If you’re a huge fan of the beloved Knights of the Old Republic franchise and you’ve played it more times than you can remember, you might resent the idea that the world doesn’t need a KOTOR remake – it absolutely does need it.
Sure, Saber Interactive might be a bit slow in releasing its remake of the classic 2003 Bioware RPG (which it announced back in 2021), but the company’s CCO Tim Willits has confirmed that “everything that we have talked about is still in development,” as he said in an X post on March 14.
Now let’s see why the gaming community hasn’t really moved beyond the need for a KOTOR remake and why these oddly pessimistic arguments about not needing it are so wrong.
‘There are plenty of Star Wars games to play’
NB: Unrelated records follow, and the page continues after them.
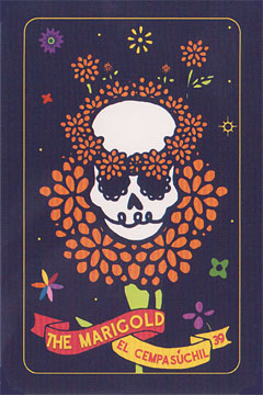 During the annual (traditionally Mexican) Día de los Muertos celebration, the family members of a person who has died will place items with special significance on a home altar in order to welcome the deceased. This ofrenda, or offering, may be quite large and elaborate. The initial inspiration for this deck came from San Diego’s close association with Mexico and this yearly celebration of the Dead that typically runs from October 31 through November 2. From those vivid images and joyful celebrations came the idea for this kit of colorful cards.
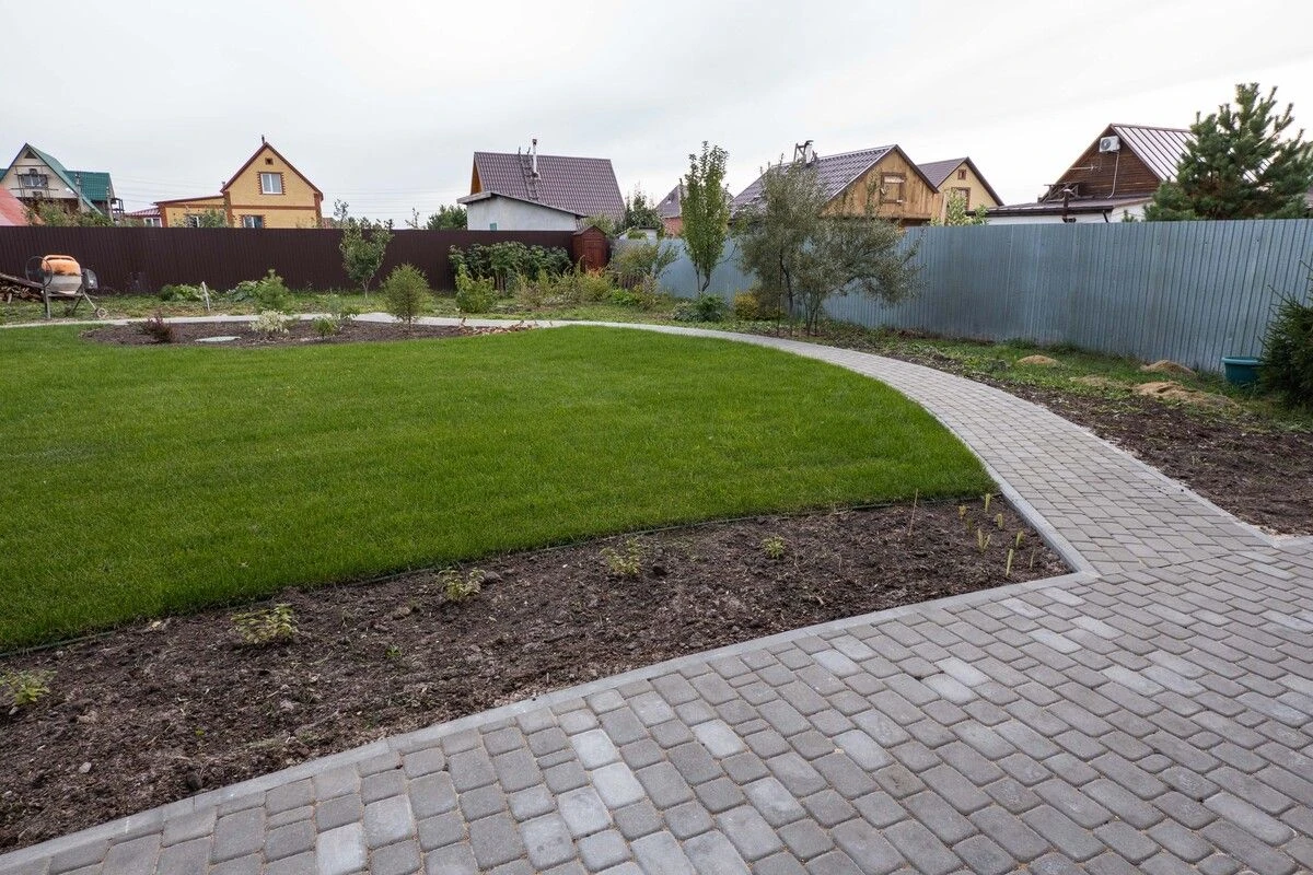 Для пошаговых дорожек выбрана плитка Ла-линия (прямоугольник) 600х300х80 мм по 2 штуки в ряд. Стандарт, цвет белый.
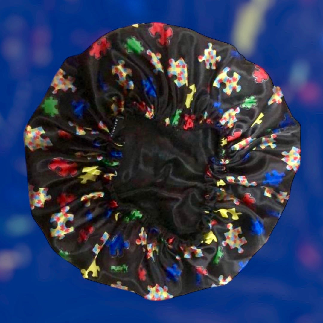 Show your support and embrace hair care with our Autism Awareness Bonnet! Crafted from double-layered satin, this bonnet is designed to protect, nourish, and maintain hair health while ensuring a secure yet gentle fit for all-day or overnight wear.

True, there are lots of other Star Wars games out there (even the truly exciting one in the making that brings XCOM elements to it), but the ‘other fish in the sea’ isn’t a good enough argument to simply give up hope that there’ll be a KOTOR remake any time soon.
And while they’re all more-or-less fine and dandy, catering to players across many different genres and consoles, we do need a KOTOR remake, even if it’s for purely sentimental reasons. By the way, we’ve already been waiting for years for the new Mass Effect (first revealed back in 2020, before the KOTOR remake even), and it’s coming. So, we can wait.
‘We already have KOTOR’
Yes, there’s already the original version and, sure, we can play it. So… let’s just forsake a more modern version with better graphics, richer dialogues, and other improved areas? Many other classics have gotten their own remakes or remasters or they’re about to, in line with all the new technological advances.
Just think of the likes of Mass Effect, Assassin’s Creed, Baldur’s Gate, The Last of Us, Mafia, Grand Theft Auto, Half-Life, Tomb Raider – the list goes on. You can say that the issue here is actually in the semantics (as in ‘want’ versus ‘need’), but arguing that we don’t need a KOTOR remake and that a successor would be better is simply not viable.
There’s plenty to be done with the original and, after all, why not have both? Let’s remake the originals and then make a sequel – that way we all get what we want, nay, what we need. It would be worth the effort and the gaming community would appreciate it, even if it takes a few years.